[Start of section]

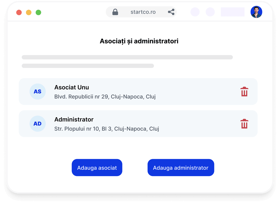 Deschizi și gestionezi SRL-ul 100% online, direct din contul tău StartCo. Câștigi timp, îți reduci investiția inițială și ai toate serviciile într-o singură aplicație prietenoasă:
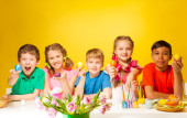 Grupa dzieci chłopca i dziewczyny gospodarstwa świeże pomidory dojrzałe
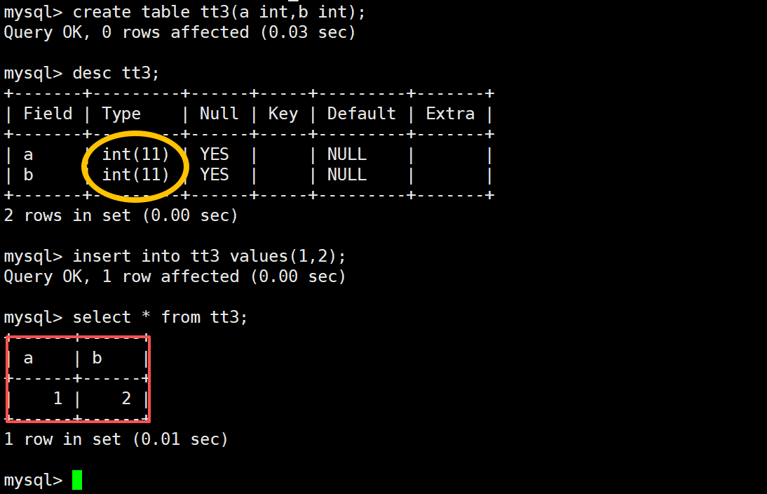 如果我们建立一个两个整型a和b的表,我们会发现int(11)是什么东西,好像没有zerofill存在。
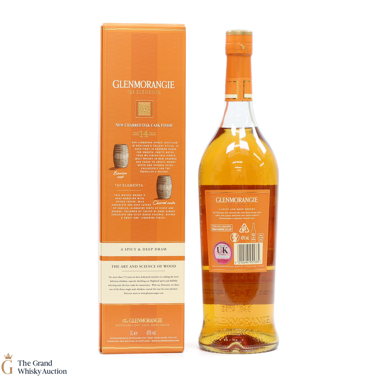 This spicy and deep Elementa celebrates Glenmornagie's skills in wood finishing, an art that brings new depths of flavour to their whisky. Matured initially in American oak bourbon casks to create smoothness and fruity notes and finished in charred oak casks, bringing forth a 14-year-old whisky of woody depth and intense spice. Available exclusively in travel retail.

[End of section]

* **What you will do**
Locate the line containing "Grupa dzieci chłopca" in the material above, then repeat it and every later line exactly, with no pictures.

* **Answer space**
 Grupa dzieci chłopca i dziewczyny gospodarstwa świeże pomidory dojrzałe
 如果我们建立一个两个整型a和b的表,我们会发现int(11)是什么东西,好像没有zerofill存在。
 This spicy and deep Elementa celebrates Glenmornagie's skills in wood finishing, an art that brings new depths of flavour to their whisky. Matured initially in American oak bourbon casks to create smoothness and fruity notes and finished in charred oak casks, bringing forth a 14-year-old whisky of woody depth and intense spice. Available exclusively in travel retail.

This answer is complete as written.